(Beginning of Data extract)
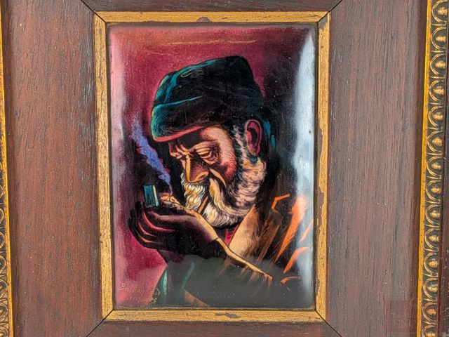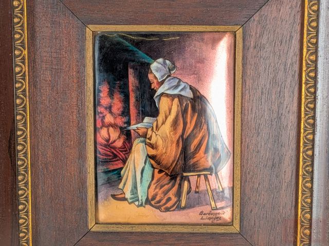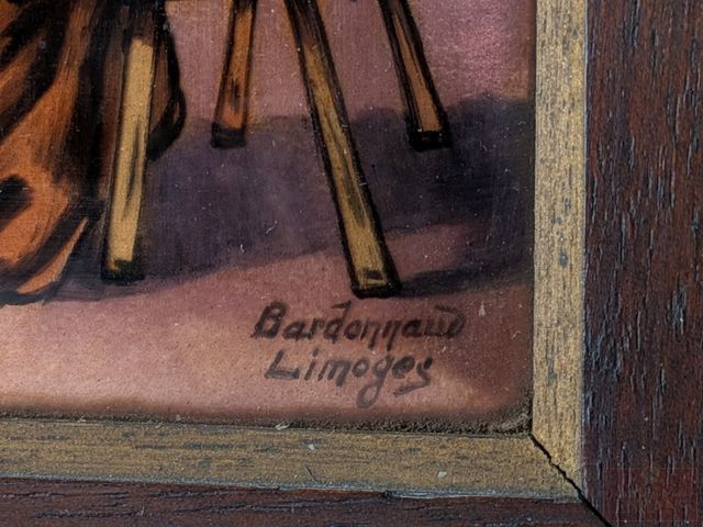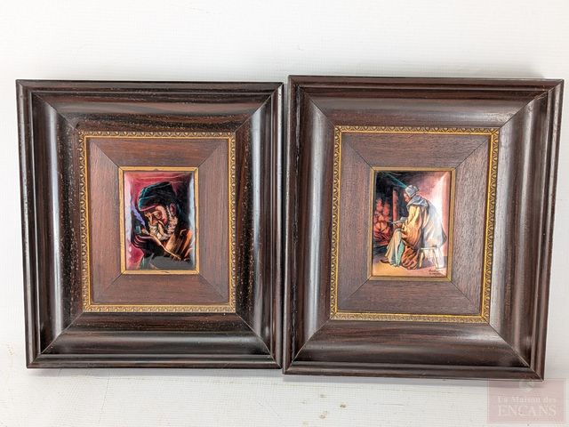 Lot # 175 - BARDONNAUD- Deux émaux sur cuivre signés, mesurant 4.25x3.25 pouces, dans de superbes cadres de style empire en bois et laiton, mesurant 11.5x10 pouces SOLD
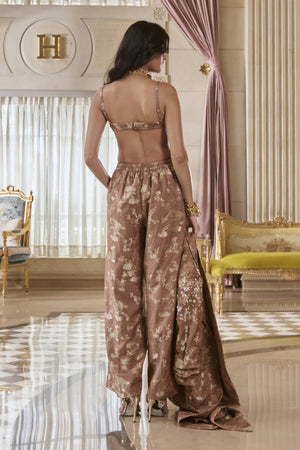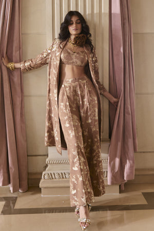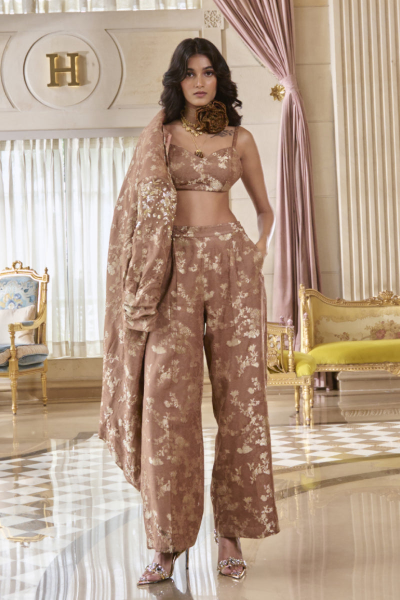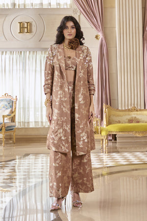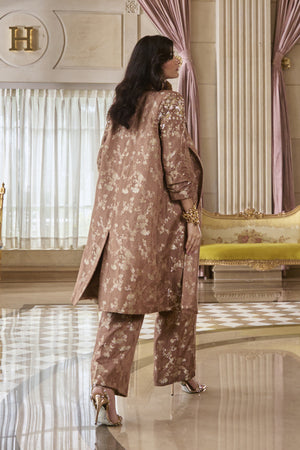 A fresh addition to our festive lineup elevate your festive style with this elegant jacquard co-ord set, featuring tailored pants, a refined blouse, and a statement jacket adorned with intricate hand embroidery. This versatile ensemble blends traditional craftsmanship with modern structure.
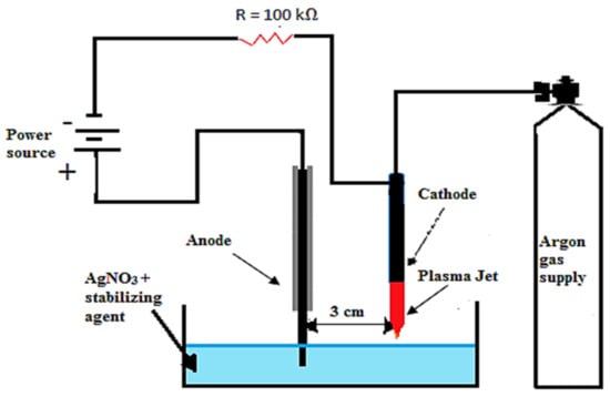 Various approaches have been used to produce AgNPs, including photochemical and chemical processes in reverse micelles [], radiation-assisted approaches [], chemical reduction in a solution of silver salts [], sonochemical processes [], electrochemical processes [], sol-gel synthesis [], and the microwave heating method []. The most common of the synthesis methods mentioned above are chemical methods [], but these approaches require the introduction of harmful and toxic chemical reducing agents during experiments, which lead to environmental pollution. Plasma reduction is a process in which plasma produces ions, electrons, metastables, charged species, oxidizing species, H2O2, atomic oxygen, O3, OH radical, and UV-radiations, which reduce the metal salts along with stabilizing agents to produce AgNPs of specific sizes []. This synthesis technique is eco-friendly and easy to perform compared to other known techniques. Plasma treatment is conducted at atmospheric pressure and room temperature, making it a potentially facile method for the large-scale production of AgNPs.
(End of Data extract)
> _Work order_
Would you return the data exactly as written, without the pictures?

> _Response area_
 Lot # 175 - BARDONNAUD- Deux émaux sur cuivre signés, mesurant 4.25x3.25 pouces, dans de superbes cadres de style empire en bois et laiton, mesurant 11.5x10 pouces SOLD
 A fresh addition to our festive lineup elevate your festive style with this elegant jacquard co-ord set, featuring tailored pants, a refined blouse, and a statement jacket adorned with intricate hand embroidery. This versatile ensemble blends traditional craftsmanship with modern structure.
 Various approaches have been used to produce AgNPs, including photochemical and chemical processes in reverse micelles [], radiation-assisted approaches [], chemical reduction in a solution of silver salts [], sonochemical processes [], electrochemical processes [], sol-gel synthesis [], and the microwave heating method []. The most common of the synthesis methods mentioned above are chemical methods [], but these approaches require the introduction of harmful and toxic chemical reducing agents during experiments, which lead to environmental pollution. Plasma reduction is a process in which plasma produces ions, electrons, metastables, charged species, oxidizing species, H2O2, atomic oxygen, O3, OH radical, and UV-radiations, which reduce the metal salts along with stabilizing agents to produce AgNPs of specific sizes []. This synthesis technique is eco-friendly and easy to perform compared to other known techniques. Plasma treatment is conducted at atmospheric pressure and room temperature, making it a potentially facile method for the large-scale production of AgNPs.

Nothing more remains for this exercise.